He adds, “Most investors in Southeast Asia’s retail space still lack the risk appetite and the depth of understanding when it comes to technology investments. Many investors still seek the security of investments into traditional asset classes such as property. Nevertheless, this is changing with the emergence of large tech companies such as Grab and Tokopedia drawing international attention.”

Tan believes that as investor awareness and education grows, eventually, the regional investor base will seek to gain exposure to high-growth and disruptive startups, with the presence of platforms like a startup exchange facilitating an increase in IPOs and other exit events.

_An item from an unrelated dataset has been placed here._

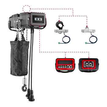 Este elemento, junto a una célula de carga tipo gancho permite la monitorización cableada a tiempo real de la célula de carga a través del software.
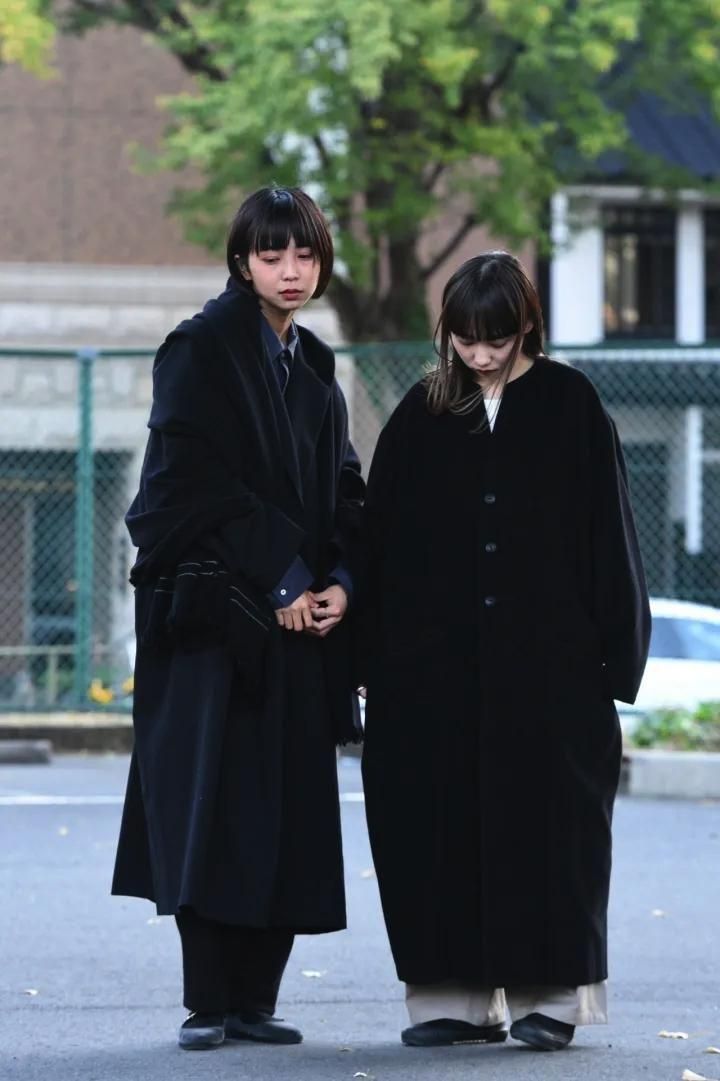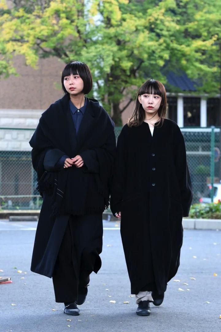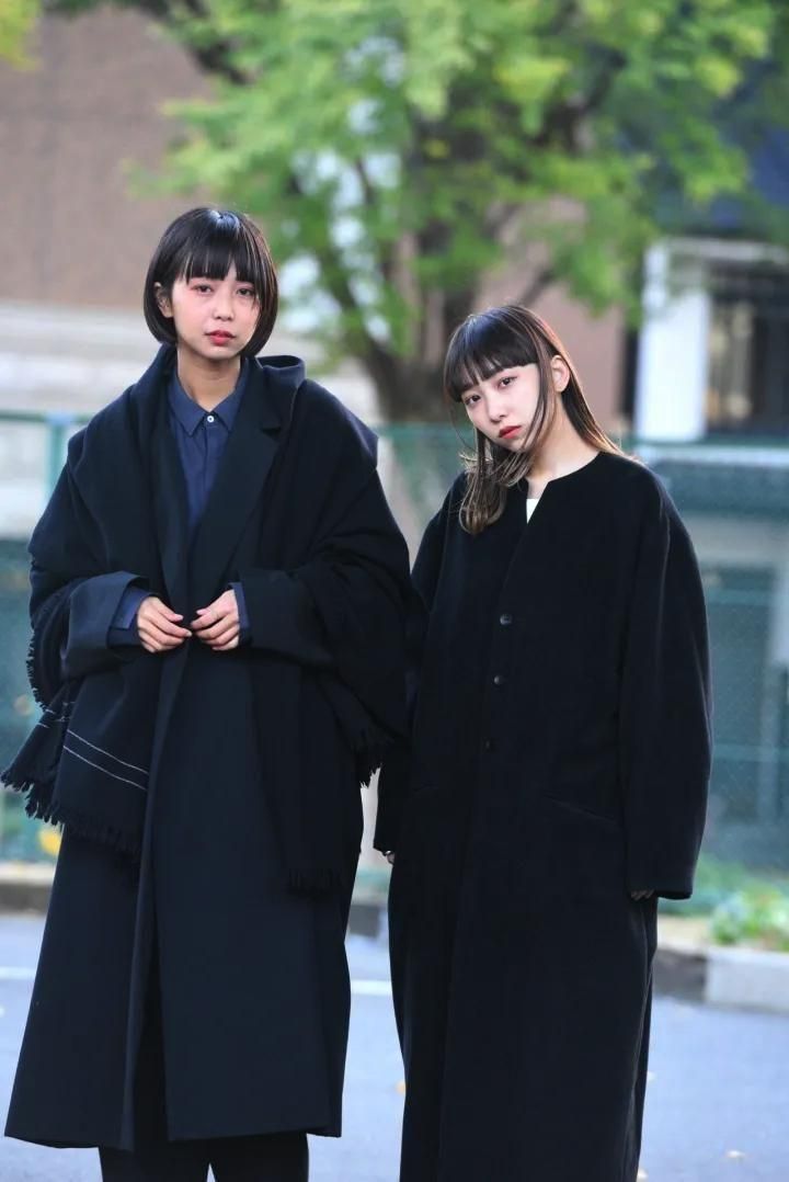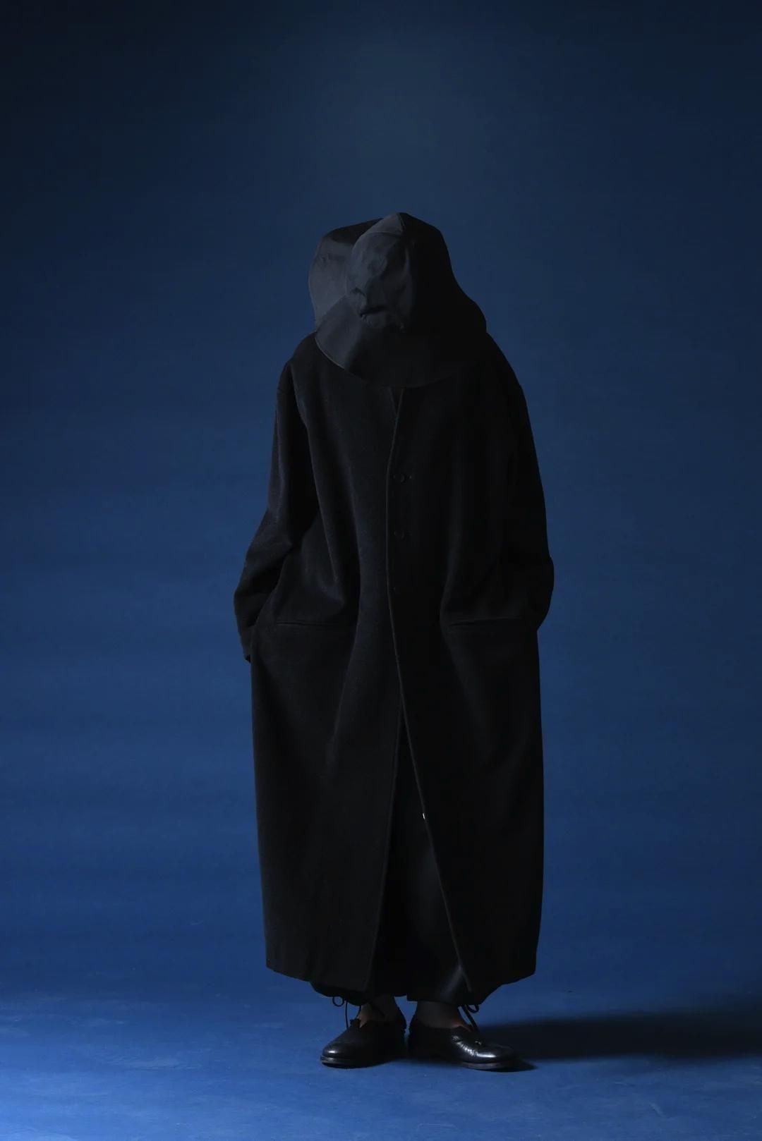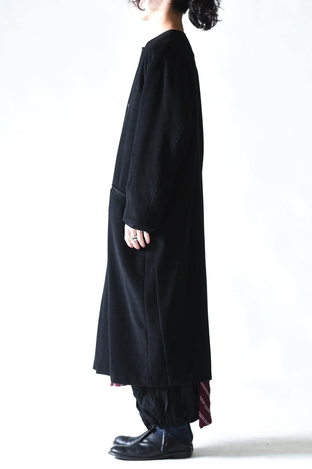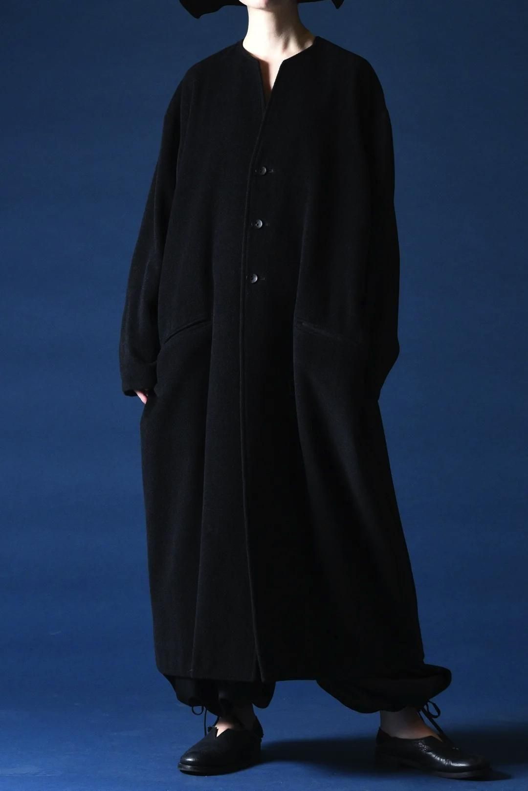カタチはBISHOOLがシャツやプルオーバー、革靴にも採用する角のついたラペルデザインが印象的なノーカラーコート。

What about an early listing on bourses like the Australian Securities Exchange (ASX) or growth boards like the Mothers board of the Tokyo Stock Exchange (TSE) and the Catalist secondary board of the Singapore Exchange (SGX)?

“Pursuing an early listing as opposed to leading a venture round is certainly an option that can bring benefits to startups such as increased access to capital, exposure to retail investors, and building the company’s profile in the market. At the same time, startups will face greater scrutiny, as well as compliance and reporting requirements in order to be accountable to investors,” Tan said.

“There is also a big risk of failed IPOs, given the limited number of players investing in these exchanges and the novelty of technology IPOs. Hopefully, with time and education, these exchanges will build a track record and become attractive avenues for technology startups looking to get listed in this region,” he added.